■ **TASK TO COMPLETE**:
Take the data below and copy exactly the lines starting at the one with "[Feminine knit blouse" and finishing at the one with "The head, thorax, and", both included.

■ **EXERCISE INPUTS**:
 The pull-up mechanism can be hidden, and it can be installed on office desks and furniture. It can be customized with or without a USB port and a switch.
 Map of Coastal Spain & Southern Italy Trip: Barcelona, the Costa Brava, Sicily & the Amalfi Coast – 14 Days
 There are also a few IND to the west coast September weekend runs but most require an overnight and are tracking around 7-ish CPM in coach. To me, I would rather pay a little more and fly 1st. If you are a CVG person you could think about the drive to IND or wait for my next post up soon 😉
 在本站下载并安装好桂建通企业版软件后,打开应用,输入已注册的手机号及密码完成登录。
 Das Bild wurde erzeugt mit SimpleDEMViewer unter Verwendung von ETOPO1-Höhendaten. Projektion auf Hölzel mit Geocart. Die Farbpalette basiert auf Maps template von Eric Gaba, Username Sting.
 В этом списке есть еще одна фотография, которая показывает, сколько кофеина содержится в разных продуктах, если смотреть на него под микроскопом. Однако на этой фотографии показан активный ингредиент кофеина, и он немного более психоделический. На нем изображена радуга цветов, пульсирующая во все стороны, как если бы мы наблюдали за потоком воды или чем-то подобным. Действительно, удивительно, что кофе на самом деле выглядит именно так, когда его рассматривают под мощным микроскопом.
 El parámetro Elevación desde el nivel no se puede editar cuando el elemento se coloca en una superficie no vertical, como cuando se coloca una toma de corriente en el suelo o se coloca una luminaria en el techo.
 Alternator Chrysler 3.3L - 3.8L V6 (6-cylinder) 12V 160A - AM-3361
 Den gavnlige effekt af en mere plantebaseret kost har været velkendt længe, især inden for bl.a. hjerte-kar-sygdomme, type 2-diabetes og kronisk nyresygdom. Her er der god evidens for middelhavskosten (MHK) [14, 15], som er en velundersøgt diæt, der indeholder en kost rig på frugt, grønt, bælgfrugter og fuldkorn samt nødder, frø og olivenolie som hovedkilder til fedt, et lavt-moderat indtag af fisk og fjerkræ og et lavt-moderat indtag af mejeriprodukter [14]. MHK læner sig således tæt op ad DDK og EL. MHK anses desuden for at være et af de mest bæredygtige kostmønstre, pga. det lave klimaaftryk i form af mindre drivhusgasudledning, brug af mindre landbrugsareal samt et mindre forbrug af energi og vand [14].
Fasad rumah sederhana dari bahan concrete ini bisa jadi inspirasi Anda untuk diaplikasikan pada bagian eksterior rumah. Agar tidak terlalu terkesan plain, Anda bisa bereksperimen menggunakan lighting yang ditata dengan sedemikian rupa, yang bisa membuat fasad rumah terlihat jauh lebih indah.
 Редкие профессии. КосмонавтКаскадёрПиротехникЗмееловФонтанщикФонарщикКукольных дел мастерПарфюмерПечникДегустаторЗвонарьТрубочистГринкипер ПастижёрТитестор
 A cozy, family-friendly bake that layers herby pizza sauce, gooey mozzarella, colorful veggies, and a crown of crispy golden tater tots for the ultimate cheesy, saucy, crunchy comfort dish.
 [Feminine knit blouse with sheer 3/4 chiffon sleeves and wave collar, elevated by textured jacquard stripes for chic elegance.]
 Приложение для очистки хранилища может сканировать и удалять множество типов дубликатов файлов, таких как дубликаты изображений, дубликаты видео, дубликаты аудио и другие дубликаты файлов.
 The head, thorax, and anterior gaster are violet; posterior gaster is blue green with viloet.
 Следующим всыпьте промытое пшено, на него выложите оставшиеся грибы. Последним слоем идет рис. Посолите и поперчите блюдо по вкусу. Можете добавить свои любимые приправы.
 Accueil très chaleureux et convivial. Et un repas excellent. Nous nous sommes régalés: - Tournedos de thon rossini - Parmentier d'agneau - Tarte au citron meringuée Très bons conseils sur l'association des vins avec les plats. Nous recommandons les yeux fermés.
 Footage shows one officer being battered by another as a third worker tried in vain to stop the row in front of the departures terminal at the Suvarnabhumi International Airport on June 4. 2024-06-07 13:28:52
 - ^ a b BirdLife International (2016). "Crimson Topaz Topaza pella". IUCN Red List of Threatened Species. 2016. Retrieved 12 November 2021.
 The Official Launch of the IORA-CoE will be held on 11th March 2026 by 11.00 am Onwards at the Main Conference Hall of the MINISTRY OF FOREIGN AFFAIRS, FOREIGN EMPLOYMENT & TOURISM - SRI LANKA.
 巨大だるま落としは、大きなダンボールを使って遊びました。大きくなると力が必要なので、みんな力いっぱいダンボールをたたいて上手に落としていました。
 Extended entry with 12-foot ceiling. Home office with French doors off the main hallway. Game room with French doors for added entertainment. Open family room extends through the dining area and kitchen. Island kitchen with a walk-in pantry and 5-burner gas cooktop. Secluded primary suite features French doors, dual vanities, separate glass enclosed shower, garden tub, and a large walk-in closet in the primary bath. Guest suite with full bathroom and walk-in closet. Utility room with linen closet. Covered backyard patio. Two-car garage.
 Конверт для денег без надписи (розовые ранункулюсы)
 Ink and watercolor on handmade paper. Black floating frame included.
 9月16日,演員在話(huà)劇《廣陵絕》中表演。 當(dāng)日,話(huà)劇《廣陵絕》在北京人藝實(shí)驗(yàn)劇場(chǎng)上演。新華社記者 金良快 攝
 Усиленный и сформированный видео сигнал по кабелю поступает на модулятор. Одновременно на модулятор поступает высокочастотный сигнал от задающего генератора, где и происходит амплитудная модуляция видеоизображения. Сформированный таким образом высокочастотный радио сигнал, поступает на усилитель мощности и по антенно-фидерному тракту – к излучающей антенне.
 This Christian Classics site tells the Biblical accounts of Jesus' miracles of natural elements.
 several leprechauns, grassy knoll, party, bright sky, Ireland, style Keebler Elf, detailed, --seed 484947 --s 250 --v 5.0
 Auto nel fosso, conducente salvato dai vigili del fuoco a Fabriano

■ **WRITTEN ANSWER**:
 [Feminine knit blouse with sheer 3/4 chiffon sleeves and wave collar, elevated by textured jacquard stripes for chic elegance.]
 Приложение для очистки хранилища может сканировать и удалять множество типов дубликатов файлов, таких как дубликаты изображений, дубликаты видео, дубликаты аудио и другие дубликаты файлов.
 The head, thorax, and anterior gaster are violet; posterior gaster is blue green with viloet.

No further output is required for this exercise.